Один он и никого рядом.
– Тогда так‚ – объявил на уходе. – Ваша очередь шестая.
А псих снова завалился в блаженство.
– Я какая была? – сказала она на это. – Я такая была. Строгая. Гордая. Самостоятельная. Первой в классе лифчик надела. Меня за это в совет отряда выбрали. Со мной за это мальчики танцевали. Обнимут – ладонь кладут на пуговки.
Ходит в гости по необходимости‚ под руку с тщеславным мужчиной‚ которому она принадлежит по ночам‚ ест‚ улыбается‚ поддерживает беседу‚ произносит многозначительные 'О' и 'Ах'‚ а сама пихает их всех злорадно в дерюжный мешок‚ утрамбовывает плотно‚ и узлом-узлом‚ тугим узлом‚ и на чердак‚ на чердак‚ в самый далекий угол‚ где ломаный хлам‚ труха-шелуха‚ мышиный помет. Они хороводятся вокруг‚ фуфырятся за столом‚ распускают павлиньи хвосты‚ рассыпают перлы отработанного остроумия‚ тужатся и пыжатся сверх меры посреди бронзы-хрусталя-керамики‚ а сами давно уж в мешке‚ в дерюжном мешке‚ на чердаке‚ в пыльном углу‚ за стропилами: ах‚ какое наслаждение! Выходит из-за обильного стола‚ – 'Дорогая‚ тебе плохо?' – 'Мне хорошо‚ дорогой'‚ – надушенная и наряженная‚ соблазнительная и неприступная‚ осмотренная‚ как опробованная‚ спереди и сзади‚ заходит в их туалеты с меховыми подстилочками‚ материт-проклинает по-черному‚ выплевывает из себя всю их еду: 'Ничего мне вашего не надо!' А назавтра иной дом‚ иная компания‚ иной туалет с теми же подстилочками: 'Ничего мне вашего не надо!' И опять назавтра: 'Не надо мне! Ничего!..' И редкие – когда совсем уж невмоготу – посиделки втроем‚ в темноте‚ на низкой тахте‚ за бесконечной сигаретой: Беба-давалка‚ ненужная ее подруга‚ душная женщина с мохнатостью под мышками‚ да Фима-дурак‚ который хорош тем‚ что никому не мешает‚ да она‚ грустная и притихшая: не надо притворяться‚ краситься-наряжаться‚ показывать себя в лучшем виде‚ – для Фимы сойдет и так. Сидят‚ накуриваются до одури‚ потом кофе попьют‚ потом песни споют, жалобно‚ по-бабьи‚ втроем с Фимой: 'Милой Шура‚ я твоя‚ куда хошь девай меня...'‚ потом он их пожалеет.
Грибоедов встал за спиной на высоком постаменте‚ отрезая путь к отступлению. Деревья сомкнулись с боков надежным оцеплением. Черная машина у тротуара неслышно урчала‚ готовая рвануться с места. Всё шло к тому‚ что сейчас их будут брать.

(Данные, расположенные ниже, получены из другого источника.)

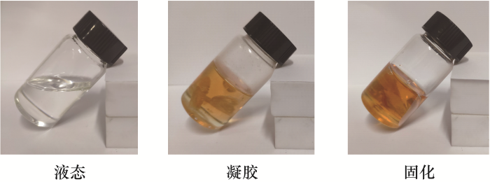 固化度通常定义为环氧树脂中已交联的环氧基与所有的环氧基之比,也可以定义为反应已经释放的热量与反应总的放热量之比,它是衡量环氧树脂反应进程的重要指标[45,62]。环氧树脂交联过程中体系形态的变化大致可划分为液态-凝胶-固态的不同阶段,如图5所示。在凝胶点之前,环氧树脂体系大致呈液体状态,流动性较强,体系各处的分子均可以发生有效碰撞引发交联反应,反应主要受体系浓度控制,在这一过程中要完成关键部件的浸渍、灌封等,因此要准确获取这个阶段所能够持续的时间;凝胶点之后,环氧树脂体系呈凝胶状态,流动性减弱,之前浓度较高的部分反应完全,浓度较低的部分需要高浓度处剩余的未反应物扩散到低浓度处才能发生反应,交联反应取决于未反应部分的流动能力,反应主要受体系扩散控制,这一过程是完成预定固化度的关键期,也是预防填料沉降、提高耐热、优化强度与韧性的关键期[14]。

– Если завтра война‚ – спросили вяло из общей кучи‚ – то что?..
– Если завтра в поход‚ – спросили сонно‚ – то с кем?..
Хмурь. Смурь. Дурь. Мрак и морок. Глухое бесовское наваждение.
Всплыла над аллеей грузная и ленивая кислородная подушка, диковинным цеппелином‚ поплыла неспеша‚ в блаженной невесомости‚ тюкаясь спросонья о стволы со столбами‚ и заскользило стоймя под нею – словно статую переносили по воздуху – обнаженное и неразделенное тело в мраморе обновленной кожи‚ слипшееся‚ насладившееся и ненасытное‚ провисшее и ослабшее в сладкой дреме усталости‚ цепляясь‚ как привязанное‚ за наконечник подушки. Плыли они по-над самой землей‚ поры к порам‚ губы к губам‚ и пальцы ног оставляли на песке легкие‚ прерывистые каракули.
Шел следом старый еврей Фишкин‚ сыпал в избытке гречневую крупу‚ фонарем высвечивал уснувшие частности‚ выговаривал с обидой пузатому портфелю:
– Как тебя‚ так таскай‚ а как Фишкина‚ так обойдется... А другие‚ между прочим‚ летают. Другие таки думают о других. Другим всё‚ а Фишкину ничего.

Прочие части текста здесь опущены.